Hab das jetzt nicht getestet, aber wenn "filtered" angezeigt wird, ist der Port (service) wohl auf policy "drop" gesetzt. Die "closed" Sachen wahrscheinlich auf "reject".

(Ich unterstelle Mal schlicht, daß der Gateway die Linux-Box iss und iptables genutzt wird)

----------

## KiLLaCaT

eigentlich gehörn die rechner mir, aber das system hab i net ganz unter kontrolle(redhat). und das hab i nur installiert, weil kein gentoo installieren wollte, da ich auf das offizielle relase von 1.4 warten wollte.

jax

----------

## Marvin-X

 *KiLLaCaT wrote:*   

> dann hab ich warscheinlich eine firewall  

 

Das solltest Du wohl schon wissen ob Du eine Firewall laufen hast oder nicht. Wie soll man eine Frage beantworten, wenn die Details rudimentär sind. Auch ist unklar welchen FTP-Server Du aufgesetzt hast. 

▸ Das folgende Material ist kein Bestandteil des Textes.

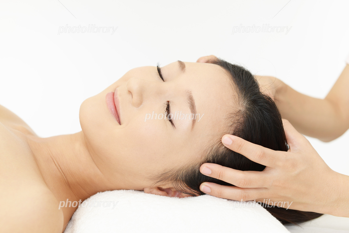 エステサロンでヘッドマッサージを受ける女性の写真素材207299556 毎月1点無料 フリー のストックフォト イメージマート。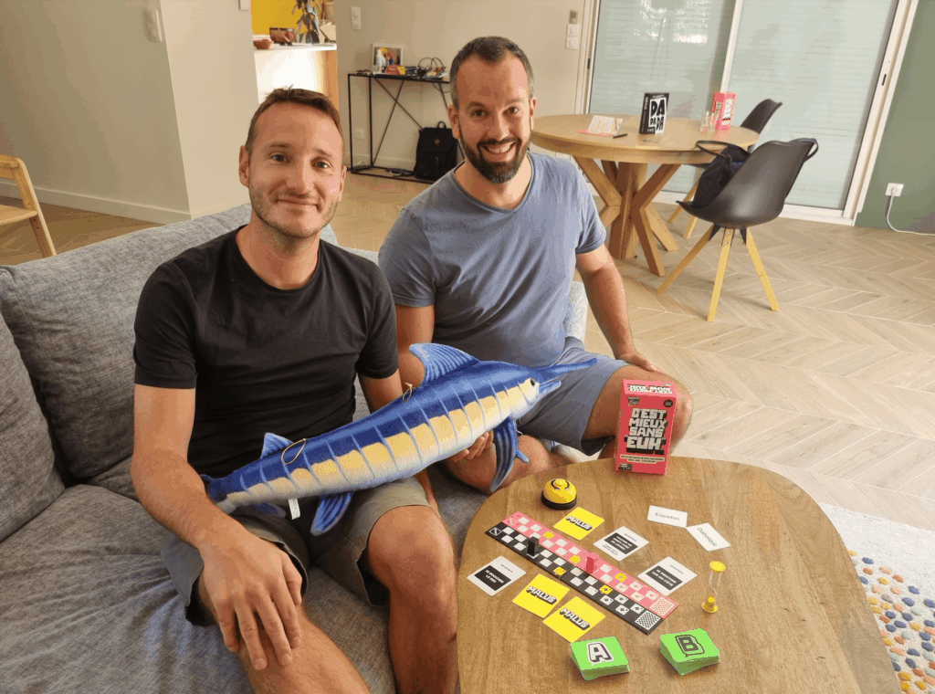Le jeu d’ambiance une finalité en soi où de nouvelles perspectives pourraient-elles s’ouvrir aux deux amis ? “La question pourra se reposer dans un an ou deux, tempère Rémy. La porte n’est pas totalement fermée. Mais là, aujourd’hui, nous aimerions devenir une référence du party-game. Nous n’avons pas le profil de vrais joueurs, du coup on préfère dans un premier temps rester dans notre zone de confort et proposer des choses de qualité. Des jeux à 20 € avec lesquels on s’amuse en famille ou entre amis, ça ça nous parle !”

Wie wird der Server gestartet? Standalone oder über xinetd?

Ist der FTP-Server konfiguriert? (Direktiven)

Falls eine Firewall läuft musst Du den Port natürlich öffnen

----------

## KiLLaCaT

woher soll ich den wissen was redhat alles so installiert!

ich benutze den wu-ftpd.

und ich wuerd auf gern wieder gentoo installieren, aber die neue live-cd geht nicht!

jax

----------

## Beforegod

@Killacat :

Wenn Du RedHat am laufen hast, solltest Du vielleicht ein anderes Forum aufsuchen. Hier soll in erster Linie Gentoo Spezifische Fragen beantwortet werden.

Thread geschlossen!

----------